Gap Inc., J.C. Penney Co. and other U.S. retailers may have to pay Chinese suppliers as much as 30 percent more for clothes as surging cotton prices boost costs, reports Bloomberg.
“It’s a little terrifying to deal with cotton suppliers now,” said Vicky Wu, a sales manager at Suzhou Unitedtex Enterprise Ltd., a closely held, Jiangsu province-based clothes maker that counts Gap and J.C. Penney among its clients.
Cotton futures in China have surged more than 70 percent this year and were at a record earlier as the global economy emerged from recession.
“American consumers better get used to rising prices on the shelves of Wal-Mart and other retailers,” said Jessica Lo, Shanghai-based managing director at China Market Research Group. “China’s manufacturers are getting squeezed not only by rising cotton costs but also soaring real estate and labor costs.”
Shandong Zaozhuang Tianlong Knitting Co., which makes Polo Ralph Lauren Corp.
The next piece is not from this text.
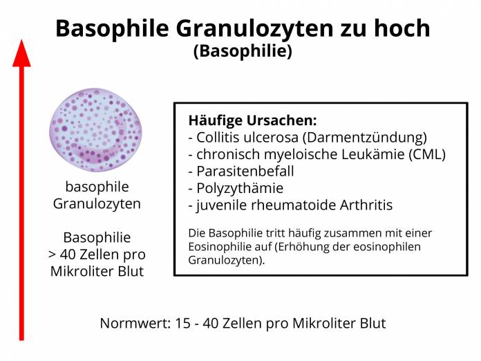 Bei Infektionserkrankungen sind häufig mehrere Leukozyten-Unterarten erhöht. Nur sehr selten kommt es zum alleinigen Anstieg der Basophilen. Eine festgestellte Basophilie kann einen Hinweis auf eine Erkrankung geben.
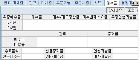 ¿¹¼ö±Ý: ¿¹¼ö±Ý ¹× ¸Å¼ö/¸ÅµµÁ¤»ê±Ý/ ÀÎÃâ °¡´É ±Ý¾× µîÀ» Á¶È¸ÇÏ½Ç ¼ö ÀÖ½À´Ï´Ù.

T-shirts and track suits for Le Coq Sportif Holding SA, has raised prices as much as 70 percent from a year earlier, said sales manager Fred Hu. “If cotton keeps rising like this, we will need to lift prices by 30 percent by the Spring Festival next year or we lose money.”
Closely held Tianlong ships 80 million yuan of clothes to Europe, North America and Japan annually, and raised the price of T-shirts it sells to Ralph Lauren to $4 each, from $3.20 in July, he said.
Unitedtex, which sells $24 million worth of shirts and jackets annually to Gap, plans to raise prices by 5 percent to 30 percent for products that will be available in April, Wu said in an interview.
Bloomberg's full report is here.
What chart will "Deflation" Paul use to explain all this away?